Desde las primeras etapas de nuestra educación se nos enseña a leer y escribir como habilidades esenciales, para navegar en el mundo. Pasamos incontables horas perfeccionando estas destrezas, conscientes de su impacto en nuestra vida cotidiana. Sin embargo, en ese meticuloso proceso educativo quedó rezagada una competencia crucial: el arte de conversar.
Conversar, una actividad tan inherente al ser humano, rara vez ha sido objeto de enseñanza sistemática. Algunos pudieron recibir clases de oratoria para hablar en público, pocos han explorado cómo conversar, ese delicado acto de intercambio que va más allá de las palabras. La mayoría asume que, al ser algo “natural”, no requiere atención ni aprendizaje. Pero, nada podría estar más lejos de la verdad.
El poder del lenguaje comenzó a ser explorado en profundidad a mediados del siglo XIX, cuando filósofos como Ludwig Wittgenstein, Wilhelm Von Humboldt y John Langshaw Austin transformaron nuestra comprensión de éste. Para ellos, el lenguaje no sólo era una herramienta para describir el mundo, sino, una fuerza generativa capaz de construir realidades. En palabras de Austin, “el lenguaje es acción”.

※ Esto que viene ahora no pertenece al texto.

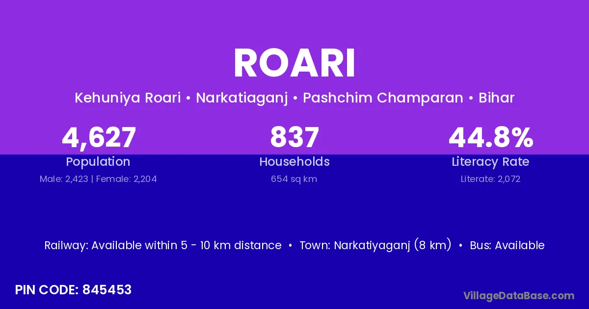 Narkatiyaganj (8 km) is the nearest town to Roari village for major economic activities and is located approximately 8 km away.
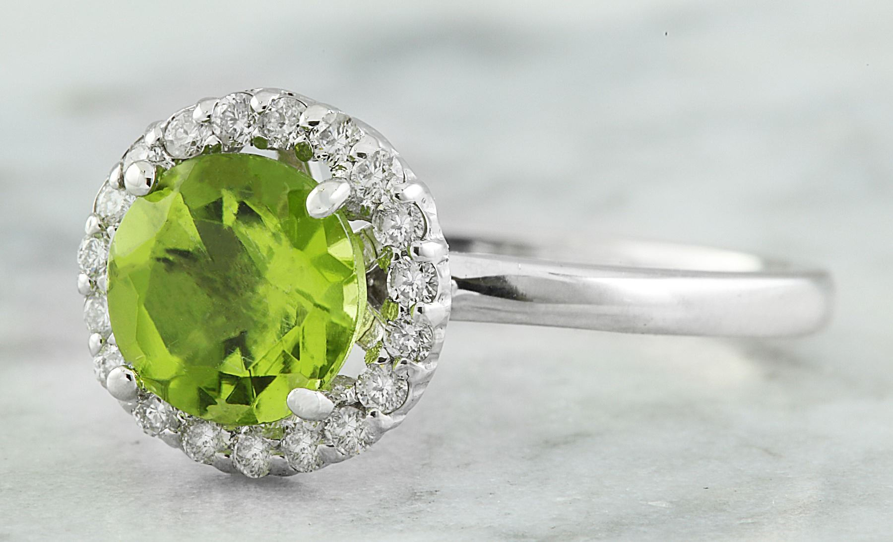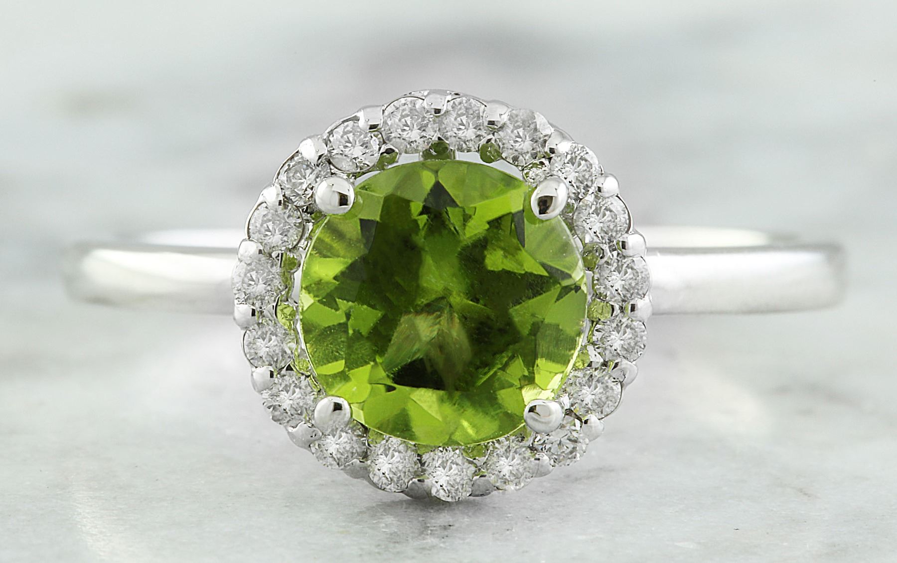 1.69 CTW Peridot 14K White Gold Diamond Ring
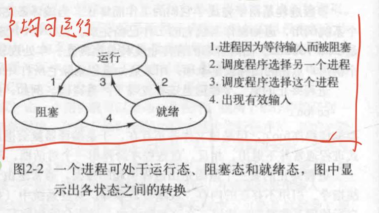 1.运行态(此时程序正在使用CPU) 2.就绪态(可运行,但是没有CPU使用权) 3.阻塞态(除非某种外部事件发生(比如输入流到达),否则进程不能运行)
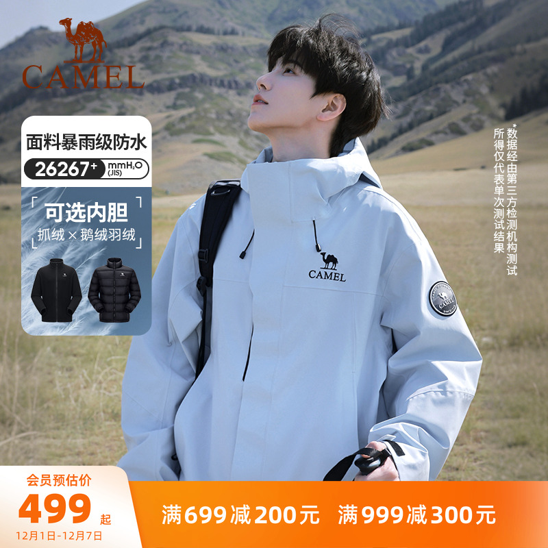 Camel outdoor rain god jacket men's 3-in-1 down jacket winter waterproof jacket women's three-proof tourist mountaineering suit
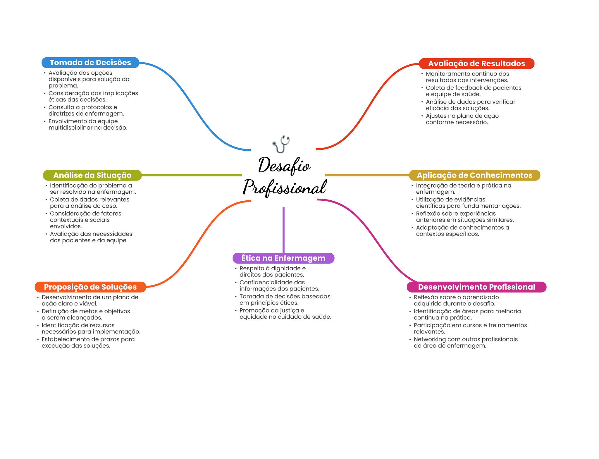 Tomada de Decisões Avaliação de Resultados Avaliação das opções Monitoramento dos disponíveis para solução do resultados das intervenções. problema. Coleta de feedback de pacientes Consideração das implicações e equipe de saúde. éticas das decisões. Análise de dados para verificar Consulta a protocolos e eficácia das soluções. diretrizes de enfermagem. Ajustes no plano de ação Envolvimento da equipe conforme necessário. multidisciplinar na decisão. Desafio Análise da Situação Aplicação de Conhecimentos Identificação do problema a Profissional Integração de teoria e prática na ser resolvido na enfermagem. enfermagem. Coleta de dados relevantes Utilização de evidências para a análise do caso. científicas para fundamentar ações. Consideração de fatores Reflexão sobre experiências contextuais e sociais anteriores em situações similares. envolvidos. Adaptação de conhecimentos a Avaliação das necessidades contextos específicos. dos pacientes e da equipe. Ética na Enfermagem Respeito à dignidade e direitos dos pacientes. Confidencialidade das Proposição de Soluções informações dos pacientes. Desenvolvimento Profissional Desenvolvimento de um plano de Tomada de decisões baseadas Reflexão sobre O aprendizado ação claro e viável. em princípios éticos. adquirido durante desafio. Definição de metas e objetivos Promoção da justiça e Identificação de áreas para melhoria a serem alcançados. equidade no cuidado de saúde. contínua na prática. Identificação de recursos Participação em cursos e treinamentos necessários para implementação. relevantes. Estabelecimento de prazos para Networking com outros profissionais execução das soluções. da área de enfermagem.
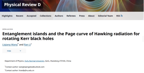 黑洞Hawking辐射引出了一个非常有趣的理论难题:黑洞信息问题,即黑洞蒸发是一个从纯态向混态的非幺正演化过程,不能保证量子信息的守恒。然而,AdS/CFT对应的提出改变了人们的看法。AdS/CFT对应声称AdS时空的引力理论与边界上的共形场论(CFT)对偶,从而AdS黑洞的蒸发可以由边界CFT来描述。这使得人们相信黑洞蒸发是一个幺正过程。近年来,Hawking辐射纠缠熵孤岛规则的提出被认为是此领域最具影响力的进展之一。课题组首次将孤岛规则推广到四维转动Kerr黑洞,发现非极端Kerr黑洞的Hawking辐射的纠缠熵随时间演化呈现出Page曲线行为,并在晚期趋于Bekenstein-Hawking熵。对于极端Kerr黑洞,虽不能确定其Page曲线,但晚期的纠缠熵同样趋近于其Bekenstein-Hawking熵。这些结果表明,孤岛规则有望为旋转黑洞的信息问题提供一个半经典层面的解决方案。相关研究成果发表在PRD,其中本科生王力强同学为论文第一作者,研究内容为其本科毕业论文的主要成果,体现了我院在人才培养与高水平科研融合方面取得的成效。
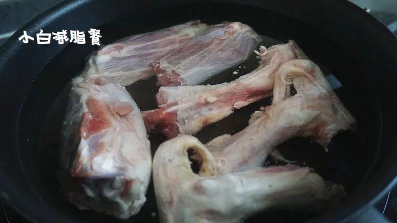 3、用刀背把羊小腿剁成两段,放入冷水中煮出血沫。
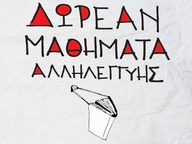 Η Εργατική Λέσχη Περιστερίου θα παραμείνει ανοιχτή τη Δευτέρα 22.09 και την Παρασκευή 26.09 από τις 6 το απόγευμα και μετά για δηλώσεις συμμετοχής μαθητών, δασκάλων και καθηγητών στα ΔΩΡΕΑΝ ΜΑΘΗΜΑΤΑ ΑΛΛΗΛΕΓΓΥΗΣ!
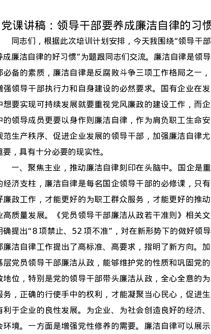 党课讲稿:领导干部要养成廉洁自律的习惯
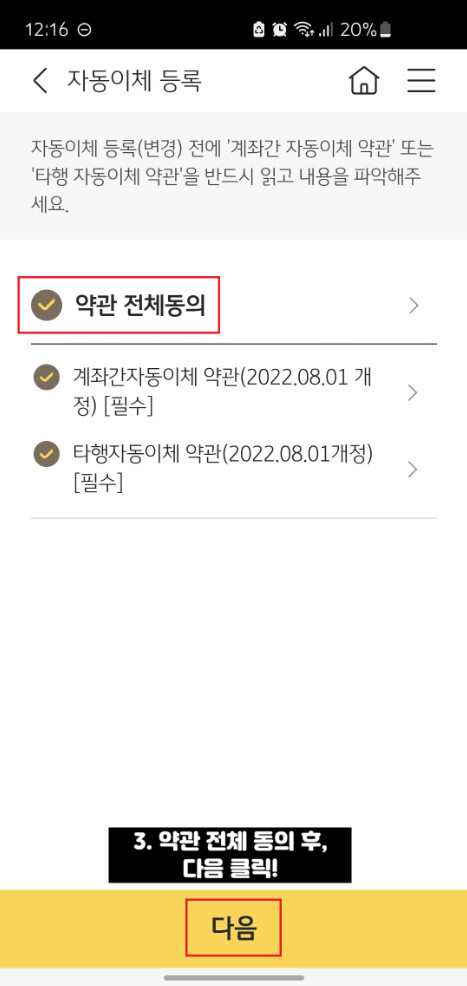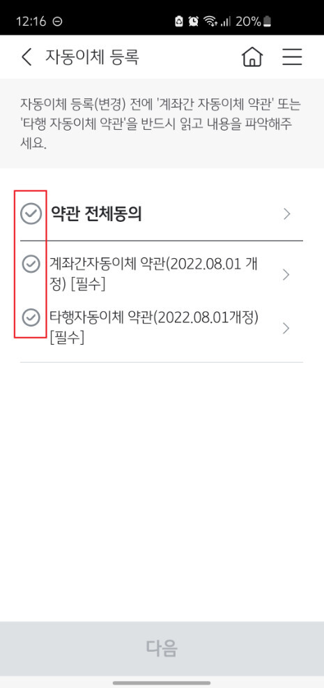 자동이체 등록을 처음 진행하시는 경우, 관련 약관에 대한 동의 절차가 나타납니다. 약관 내용을 간단히 확인한 뒤 전체 동의를 선택하고 다음 단계로 이동하시면 됩니다.
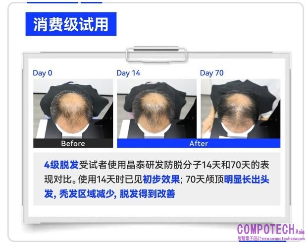晶泰科技AI 研發平台開發的小分子Remeanagen™ 和多肽 AquaKine™聯用配方改善頭皮四大指標,有效固發防掉發
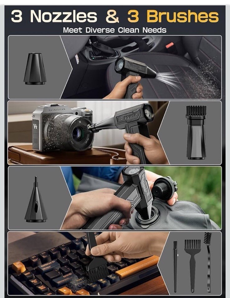 The Cooldove 300,000 RPM Air Duster is a brushless motor with four speeds, providing extreme high power for efficient cleaning. With a working time of 10-100 minutes and a charging time of 2.5-3 hours, this air duster is perfect for use on computer keyboards, car cleaning, and outdoor maintenance. Its cost-effective and reusable design makes it a convenient and reliable choice for keeping your electronics and surroundings clean.
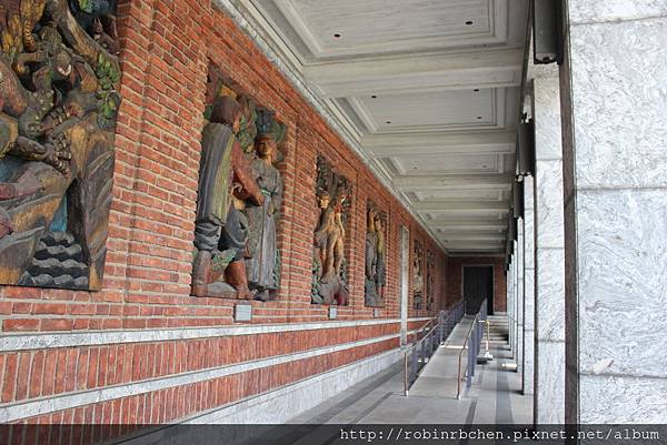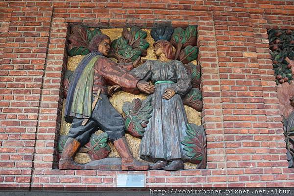 正面兩側的一樓長廊牆面,裝飾了16幅巨型木雕,述說著北歐的神話故事。

Este planteamiento, desarrollado en su teoría de los “actos del habla”, subraya que nuestras palabras generan promesas, solicitudes, declaraciones y afirmaciones. Más allá de su significado literal, configuran nuestra identidad, moldean nuestras relaciones y trazan el camino hacia nuestras posibilidades futuras. En cada conversación se define algo más grande: quiénes somos y cómo nos vinculamos con los demás.
Álvaro González-Alorda, escritor y profesor español, resumió esta idea con precisión: “Nos jugamos la vida en las conversaciones que tenemos y en las que no tenemos”. Cuánta verdad encierran estas palabras. Muchas relaciones se deterioran no por conflictos inevitables, sino por una incapacidad para conversar. Confundimos el diálogo con la imposición, el debate con el grito. En lugar de tender puentes, dejamos que el orgullo y la falta de escucha destruyan conexiones valiosas.
El arte de conversar requiere algo más que hablar. Implica examinar el estado emocional desde el cual interactuamos: ¿rabia, temor, alegría, desagrado? ¿Desde dónde surgen nuestras palabras y qué impacto tienen en nuestras relaciones? Estas son preguntas fundamentales para reflexionar sobre la calidad de nuestras conversaciones y su capacidad para generar armonía y cambio positivo.
Conversar es un arte olvidado, pero esencial. Si lo recuperamos, podríamos transformar nuestras relaciones y la percepción del mundo. Qué bueno sería que nuestros políticos y dirigentes nacionales lo recordaran. Evitando tanta división producto de la falta de conversaciones para construir país. Por ahora, me limito a invitarlos a observar cómo conversan y, sobre todo, a pensar en cómo podrían hacerlo mejor, en beneficio de Colombia, y de todos nosotros.